The summer continues with plenty of fiestas, concerts and events and this month sees Ciutadella celebrating its 41st summer classical music festival; whilst in the east, Mahón, the island’s capital, plays host in July and August to Menorca’s biggest international music festival.

These port cities are the vibrant heart of the island’s social scene. Ciutadella, the old capital of Menorca has a real charm, with a beautiful old town, ‘Es Born’. The narrow streets are full of ancient palatial homes, and historic buildings.

Island tastes

Mahon was made the capital when the British invaded in the early 18th century, and still has architectural and historical elements reminiscent of the British occupation. The city has many restaurants and bars and is increasingly being recognised for its gastronomy. It may upset the French, but it is said that mayonnaise originated from Mahon, (hence ‘Mahonesa’ ) so expect some rich and tasty aioli with tapas and pintxos in the local bars. The town is also famous for its creamy cheese, Queso de Mahon presented in large squares.
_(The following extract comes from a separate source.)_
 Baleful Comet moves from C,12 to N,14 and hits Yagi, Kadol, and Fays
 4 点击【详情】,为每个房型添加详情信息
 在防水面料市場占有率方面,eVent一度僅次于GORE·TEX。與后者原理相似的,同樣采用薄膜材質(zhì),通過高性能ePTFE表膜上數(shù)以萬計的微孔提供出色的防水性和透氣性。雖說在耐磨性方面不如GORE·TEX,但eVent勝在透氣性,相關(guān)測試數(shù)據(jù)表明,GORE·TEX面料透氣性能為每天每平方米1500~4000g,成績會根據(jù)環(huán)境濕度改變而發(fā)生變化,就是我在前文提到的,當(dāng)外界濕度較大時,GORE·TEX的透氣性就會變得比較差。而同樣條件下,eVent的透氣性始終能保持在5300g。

Look out too for the locally produced gin, richly flavoured with island grown juniper berries. Introduced to the island by the British, this distinctly Spanish Gin remains popular. Don’t order a ‘G&T’, as most drink it straight, or mixed instead with lemonade. This is called a ‘Pomada’ and is for many the summer flavour of the island.
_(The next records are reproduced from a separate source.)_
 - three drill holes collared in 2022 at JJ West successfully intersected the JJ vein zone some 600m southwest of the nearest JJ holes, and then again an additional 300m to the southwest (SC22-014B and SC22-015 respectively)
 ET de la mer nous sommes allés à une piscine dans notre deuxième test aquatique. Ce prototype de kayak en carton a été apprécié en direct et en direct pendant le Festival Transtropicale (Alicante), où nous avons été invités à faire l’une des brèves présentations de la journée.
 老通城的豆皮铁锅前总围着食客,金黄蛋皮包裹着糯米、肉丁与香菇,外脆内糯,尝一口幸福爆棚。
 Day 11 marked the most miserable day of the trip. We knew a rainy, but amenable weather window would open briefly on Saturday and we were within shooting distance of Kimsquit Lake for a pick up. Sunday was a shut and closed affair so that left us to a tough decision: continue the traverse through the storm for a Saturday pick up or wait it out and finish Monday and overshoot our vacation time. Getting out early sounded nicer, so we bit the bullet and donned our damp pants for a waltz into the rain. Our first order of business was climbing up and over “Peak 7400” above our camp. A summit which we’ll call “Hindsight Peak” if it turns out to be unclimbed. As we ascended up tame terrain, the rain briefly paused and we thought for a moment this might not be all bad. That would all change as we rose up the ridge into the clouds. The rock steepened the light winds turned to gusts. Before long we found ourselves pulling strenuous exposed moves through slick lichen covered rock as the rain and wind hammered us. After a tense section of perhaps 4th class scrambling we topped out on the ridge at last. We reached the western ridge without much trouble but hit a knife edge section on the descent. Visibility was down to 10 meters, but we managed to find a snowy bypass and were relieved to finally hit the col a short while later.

Understandably one can enjoy plenty of fish and seafood too. On the north east coast is the village of Fornells. Overlooking a narrow, deep bay, this is the place to enjoy authentic cuisine in one of the waterfront seafood restaurants. The small traditional llauts, or lobster fishing boats, bring in the daily catch, so of course the dish to try is the ‘caldereta de llagosta’ or lobster stew; it’s pricey, but worth it.

For those with a sweet tooth, take a bite of an ensaimada. It’s the typical cake from Menorca, a sweet and sugary pastry that’s made with pork fat giving it a distinctive, rich flavour. It may not sound appetising, but it is surprisingly good.

Skilled craftsmanship

Back at the Ferreries workshop, I’m seated and having my feet measured. Within minutes a hide is being stamped and the precisely cut pieces of soft leather are expertly stitched to a sole. I’ve been lucky enough to be invited to see first-hand how ‘Avarcas’ are made – the elegantly simple sandal that although is unique to the island, is popular across the Balearics and internationally.

Just in time for me to step back out into the bright sunlight in search of a place for lunch I’m generously handed by very first pair of Avarcas. These hand-crafted shoes pretty well sum up this fascinating island for me; authentic, simple and beautiful.